There were some frames in which a monkey was out of the video scene, hence the numbers of manual input in manual method, NM(M), of each coder were below 1000. However, NM(M) was supposed to be 1000 in alligator and gerbil videos because a subject was present on all 1000 frames in the video of each animal. The numbers less than 1000 in NM(M) in those two animal videos represent human error (missing some frames by accident).

For both methods, manual and semi-automatic, there was excellent agreement between the coders (ICC ≥ 0.955, F ≥ 22.077, p < 0.001). However, the variance among the coders was significantly greater in the manual method (Wilcoxon signed-rank test, N = 2883, Z = -8.211, p < 0.001, see Fig. 10).

Fig. 10
figure 10

Head direction difference. Each data point represents the maximum absolute difference among the three head directions coded by three coders

Conclusions

In the present study, we built semi-automatic head direction analysis software and established a complete technological framework, incorporating data acquisition, processing, and analysis, needed to perform and analyze a head turning experiment. With this framework, we were able to obtain a larger quantity of measurements with better accuracy, less human bias, and less human effort in a much shorter time, compared to manual coding of the same recorded videos.

By using computer vision algorithms, our framework has the advantage that it did not require restraining animals, which can cause an animal much higher stress levels than usual in its captive environment. We aimed to collect data without causing a high stress level, both for ethical reasons and because stress can alter cognitive functioning (McEwen and Sapolsky 1995; Mendl 1999). This may lead to more accurate assessment of normal cognitive functioning, and supports overall animal welfare.

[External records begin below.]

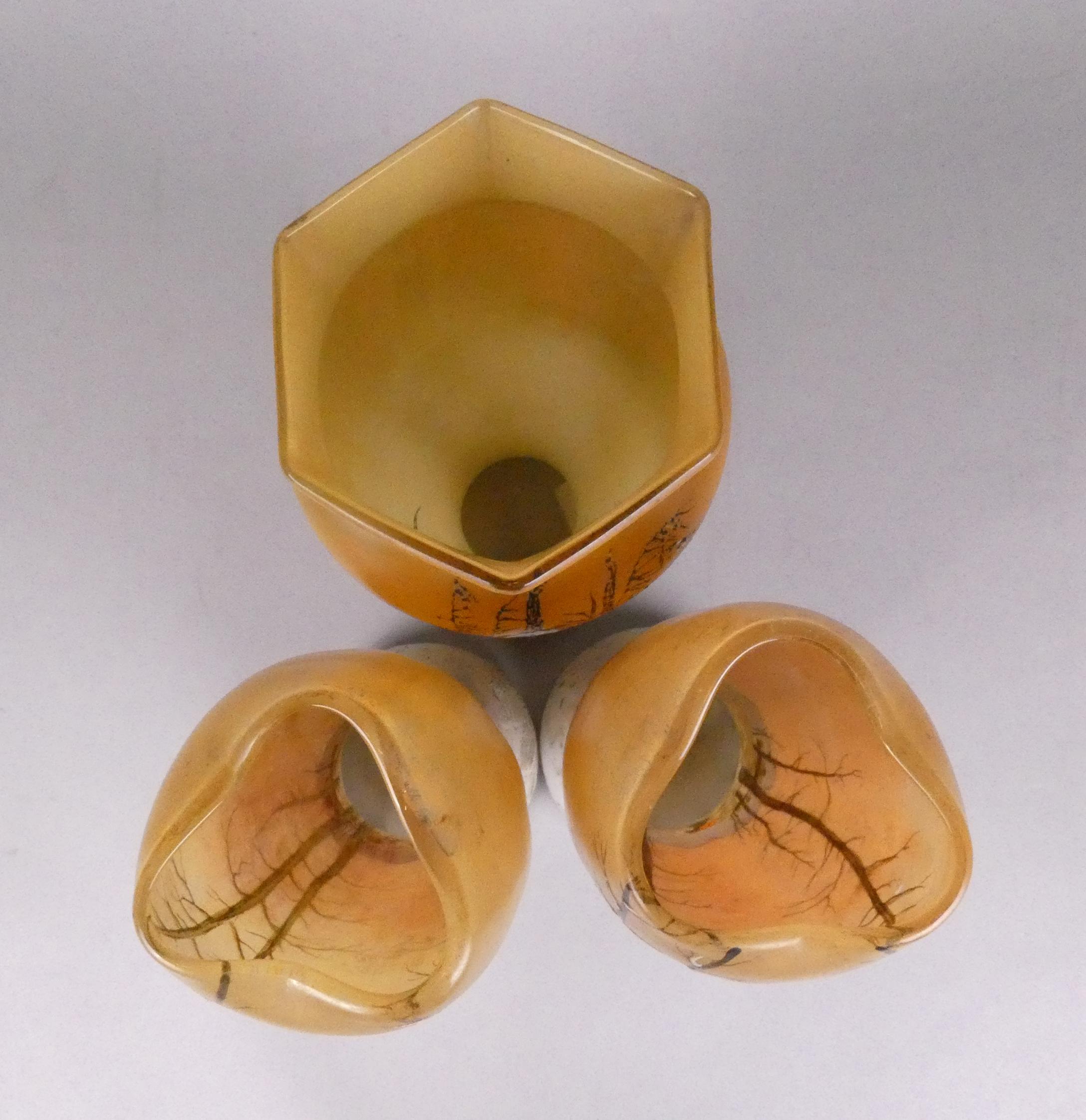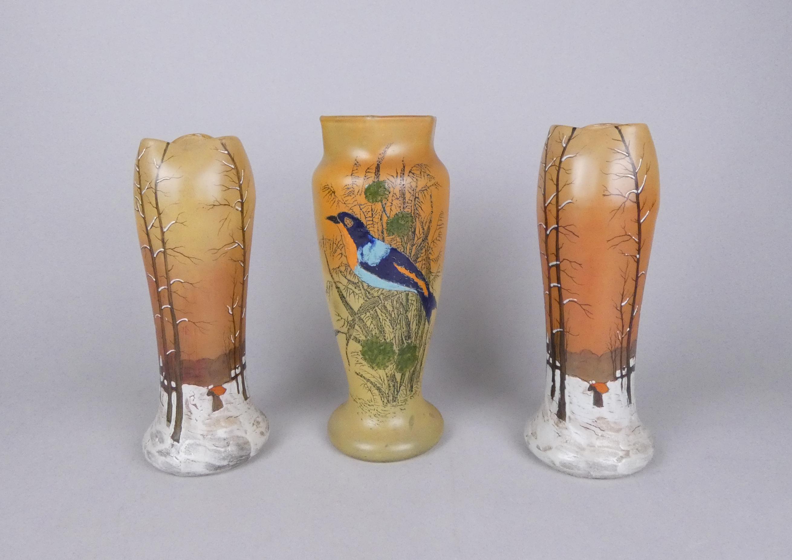 Verrerie : attribué à LEGRAS (3pcs) : paire de vases à décor hivernal animé + 1 vase à décor d'un oiseau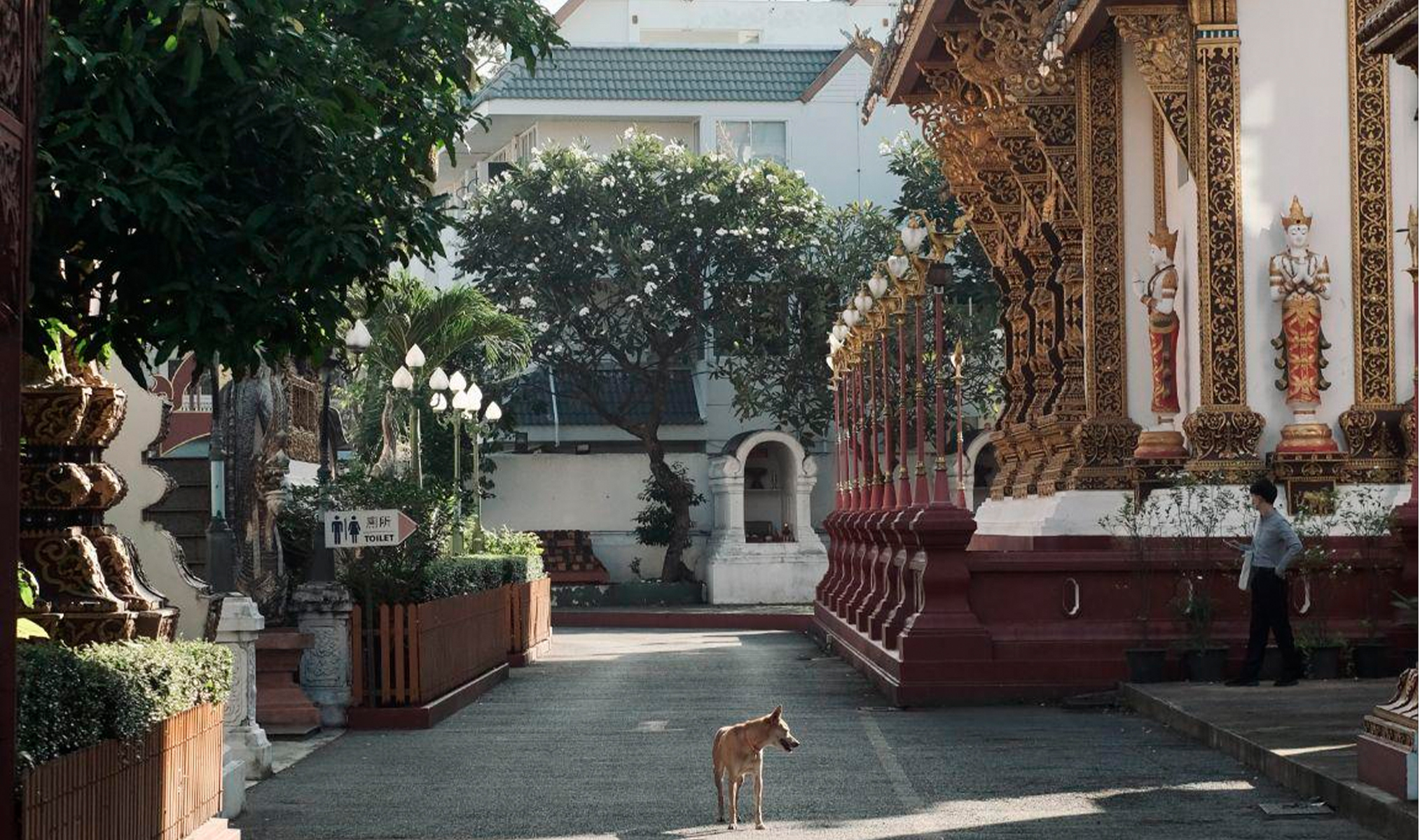 От одной стороны квадрата до противоположной можно дойти примерно за полтора часа. Но гулять здесь легко намного дольше — рассматривать детали, заглядывать во дворы и небольшие лавки. Например, мне особенно понравились тихие дворики с тропическими растениями, украшенные традиционными фонариками.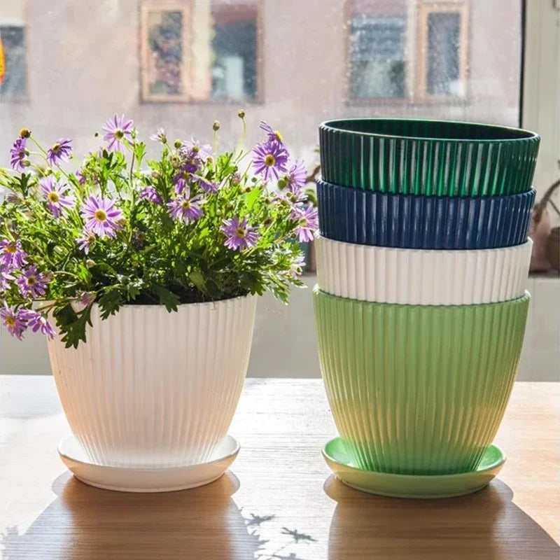 Elevate your home and office decor with our Plastic Succulent Flower Pot, featuring a stunning vertical striped design reminiscent of ancient Roman columns. This modern planter combines style and functionality, making it an essential addition to any indoor or outdoor setting.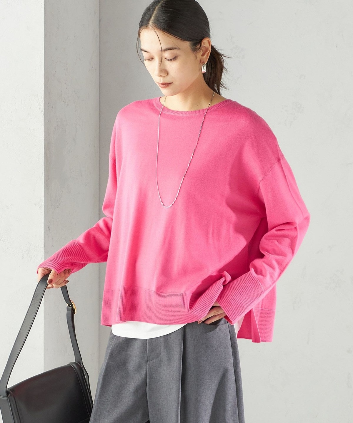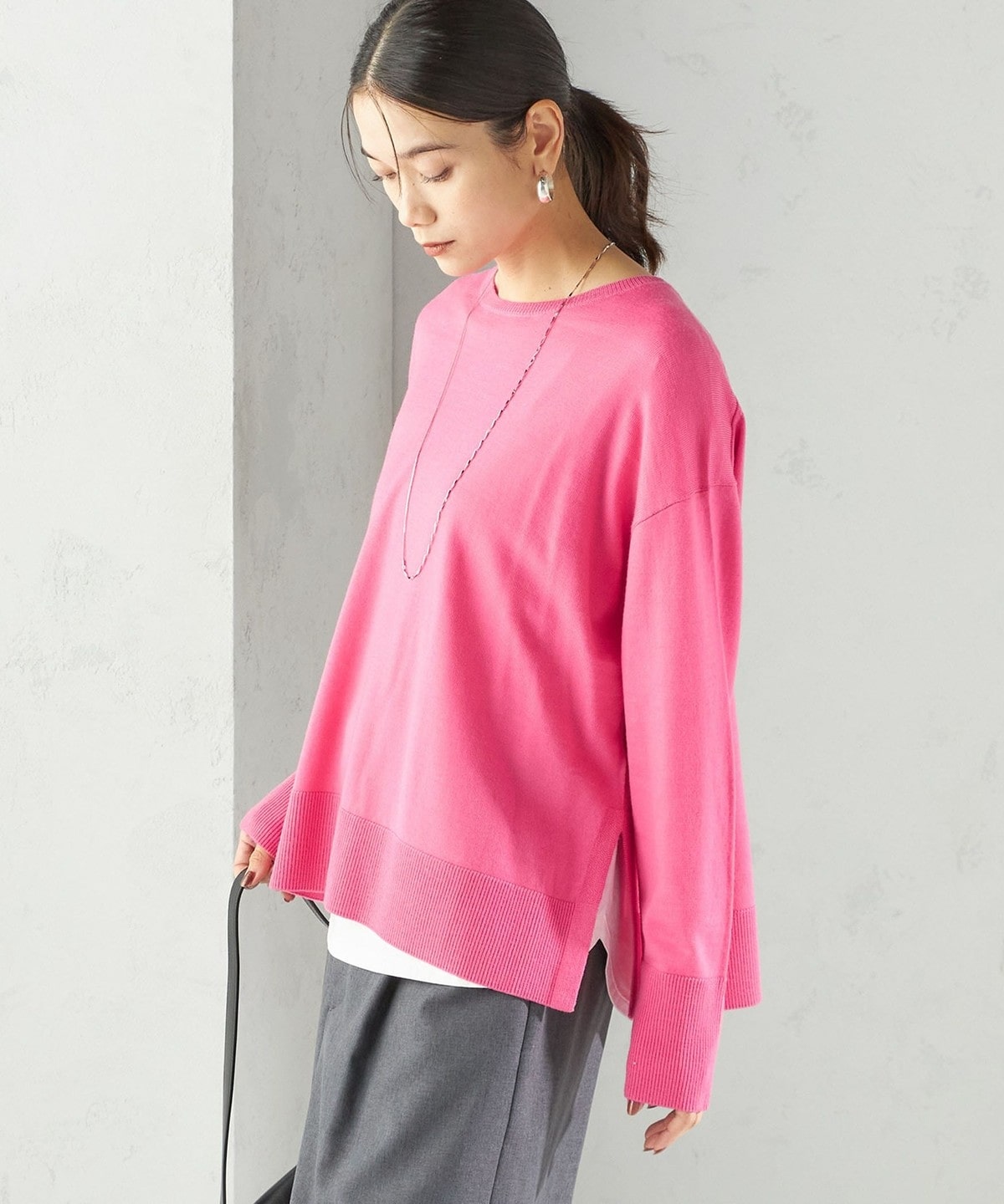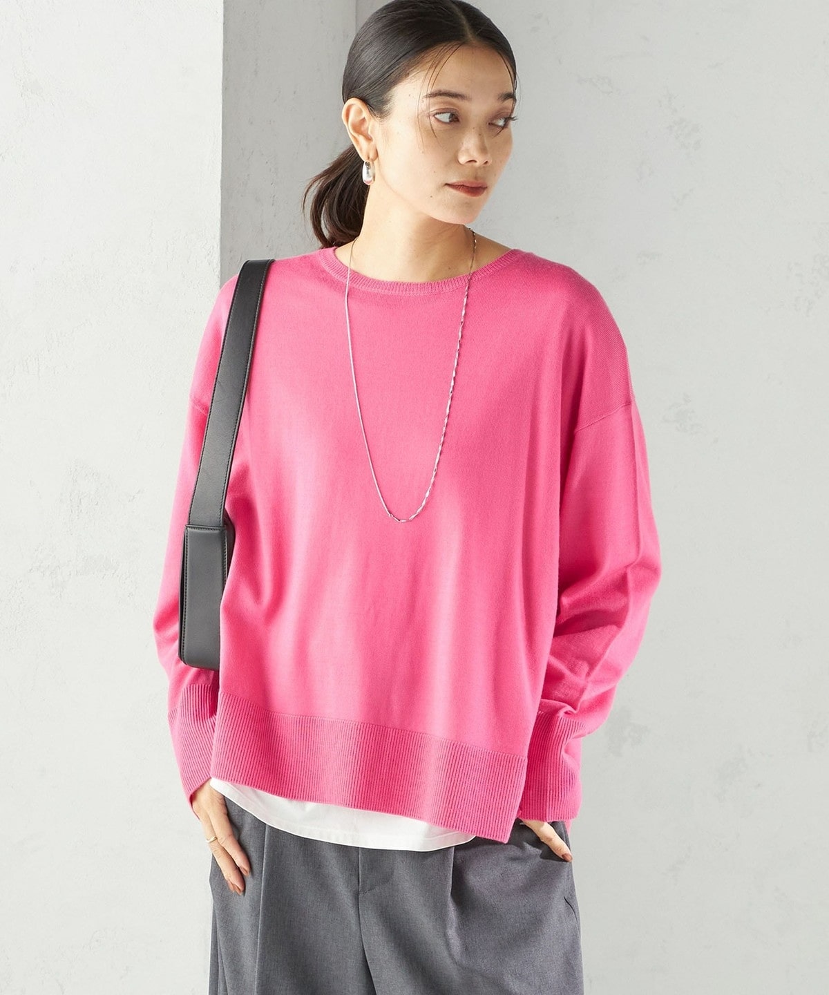 3. 〈手洗い可能〉14G ウォッシャブル クルーネック ニット プルオーバー ピンク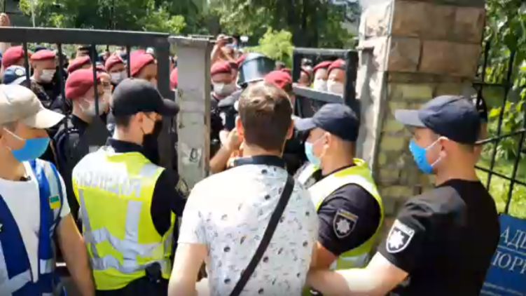 В понедельник, 15 июня, полиция вытолкала журналиста "Страны" и представителей ряда других СМИ от здания Шевченковского райсуда, где избирают меру пресечения убившему человека радикалу Сергею Стерненко.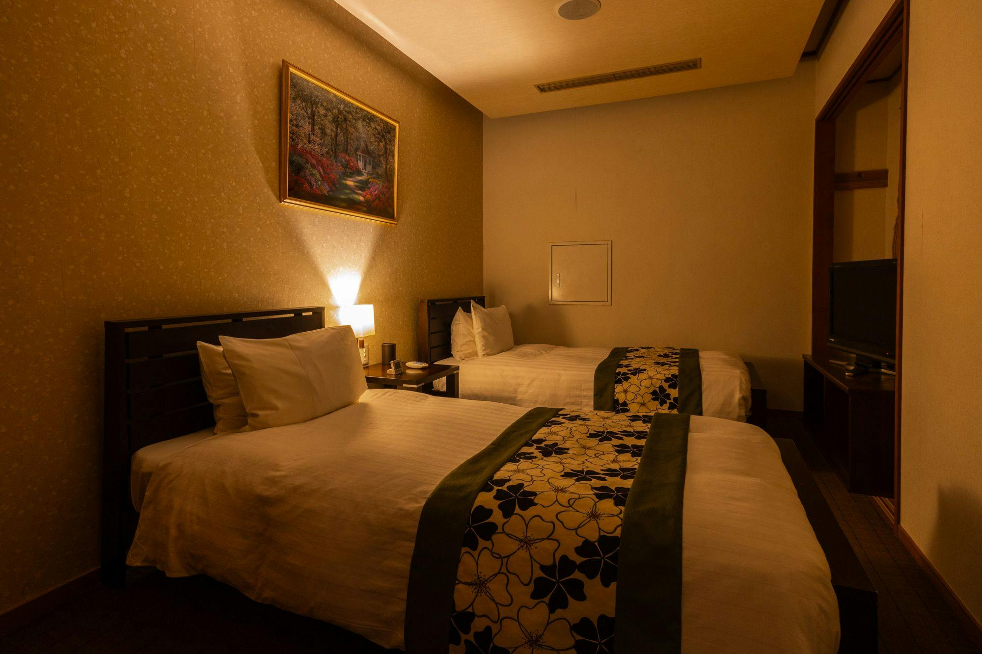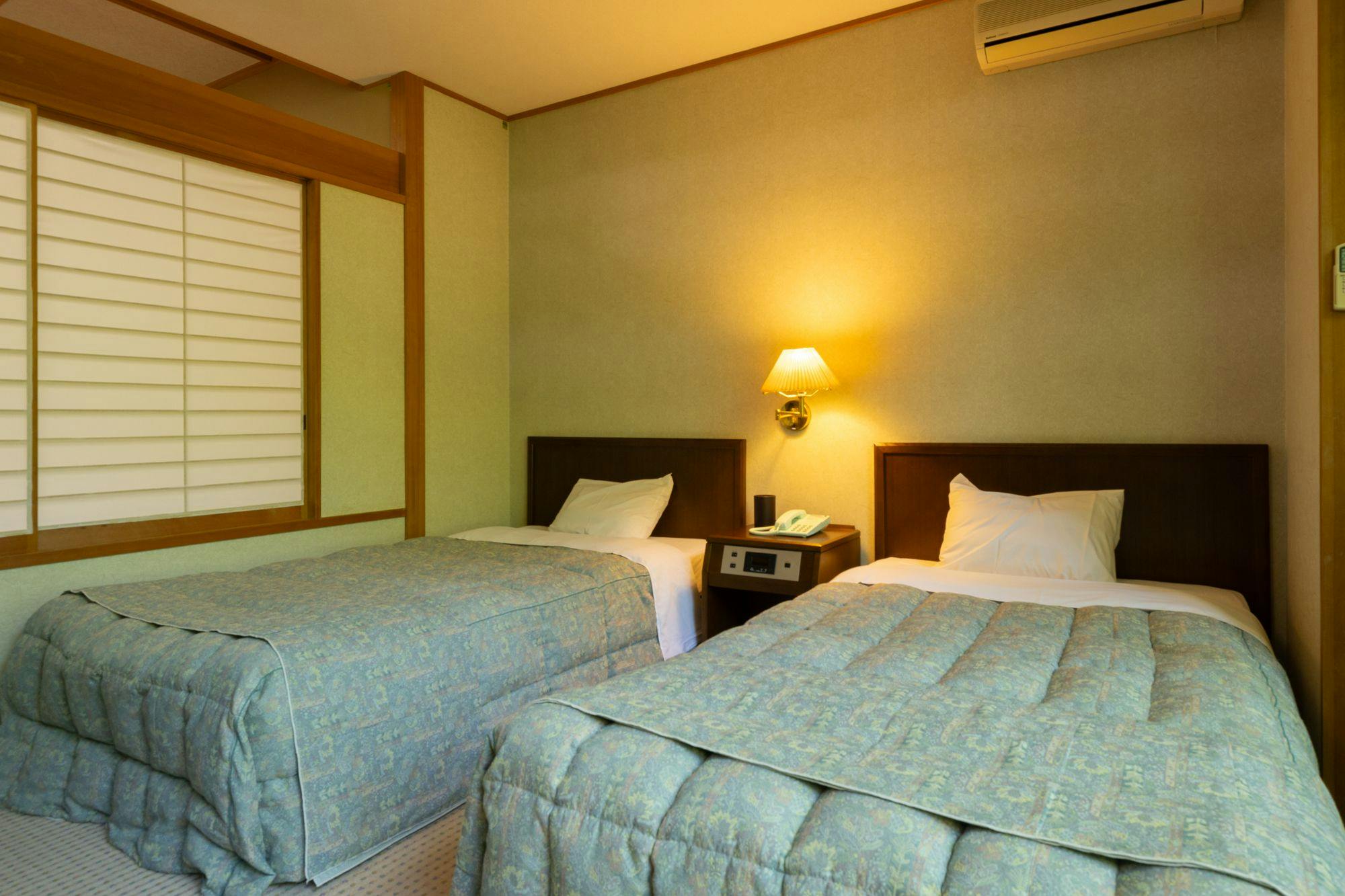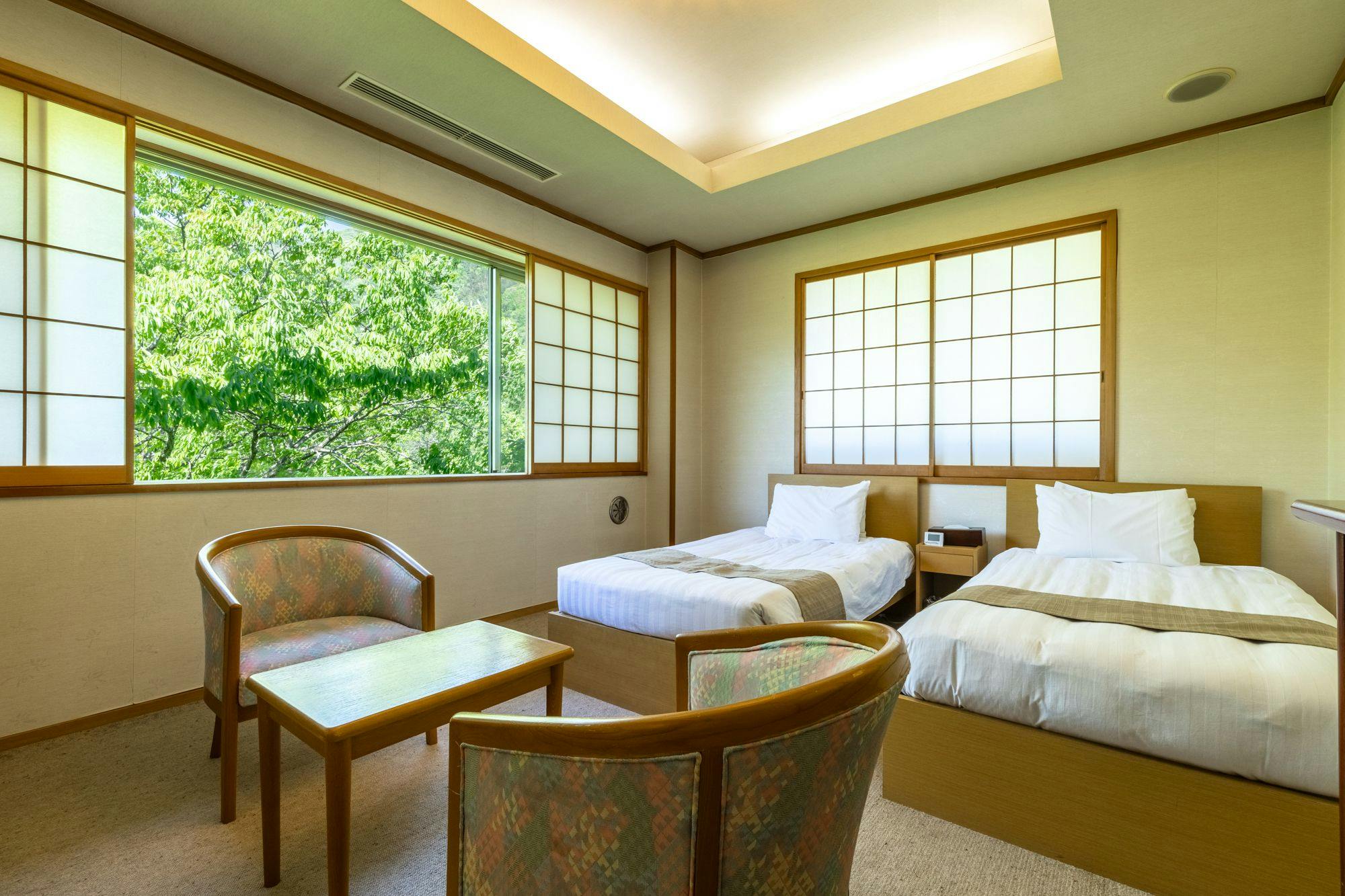 広々とゆとりある和室に、ツインベッドを備えた寝室+バス、シャワートイレ付の客室。窓辺にはソファーを備え、木立を眺めながらお寛ぎいただけます。「全館Wi-Fi利用可能」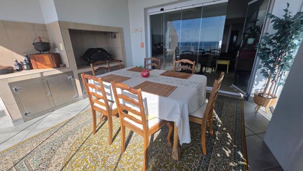 Additional features include a double garage with shelving and plumbing for a washing machine, guest parking, an alarm system, and fibre connectivity. The well-maintained complex provides direct beach access, a communal swimming pool, JoJo tanks, and a borehole, ensuring both convenience and coastal luxury.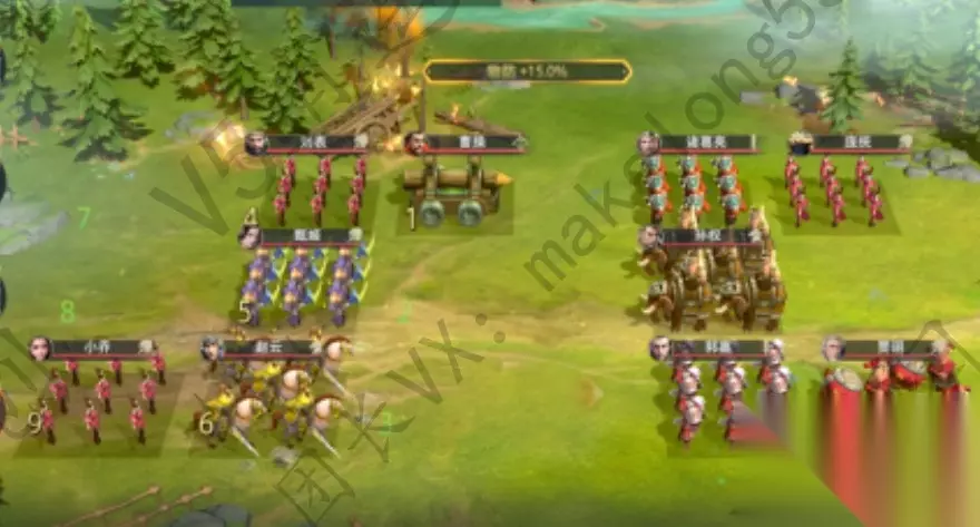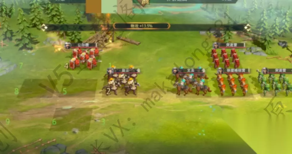 9.模拟战4: 武将兵种搭配:关羽(战象)、赵云(陷阵骠骑)、陆抗(骁勇战兵)、黄忠(穿云剑客)、刘备(擂鼓队) 采用阵型:锋矢阵
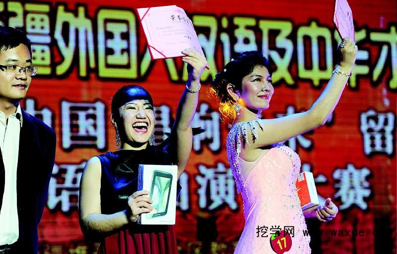 来自巴音郭楞职业技术学院、新疆财经大学、石河子大学、新疆农业大学等6所高校的24名留学生选手参加了中文歌曲演唱比赛。经过3小时角逐,最终新疆师范大学哈萨克斯坦留学生叶丽娜尔·加迪拉(图左)和新疆财经大学哈萨克斯坦留学生阿依娜乐(图右)分别以《我是不是你最疼爱的人》、《烛光里的妈妈》荣获一等奖。

Our video analyzing software, HDC, can be used as base software to analyze resultant video data of any animal head turning/gaze experiment with relatively small modifications (setting species-specific parameters and inserting one function for the target species). With a framework such as our example framework from the marmoset monkey head turning experiment, many different experiments looking at animal head directions in freely moving situations are possible.

Overall, our software and framework enabled us to increase our productivity and the quality of results and to reduce subjectivity in acquiring and analyzing data in an animal head turning experiment. We anticipate that such advantages offer important benefits for many researchers working in animal cognition.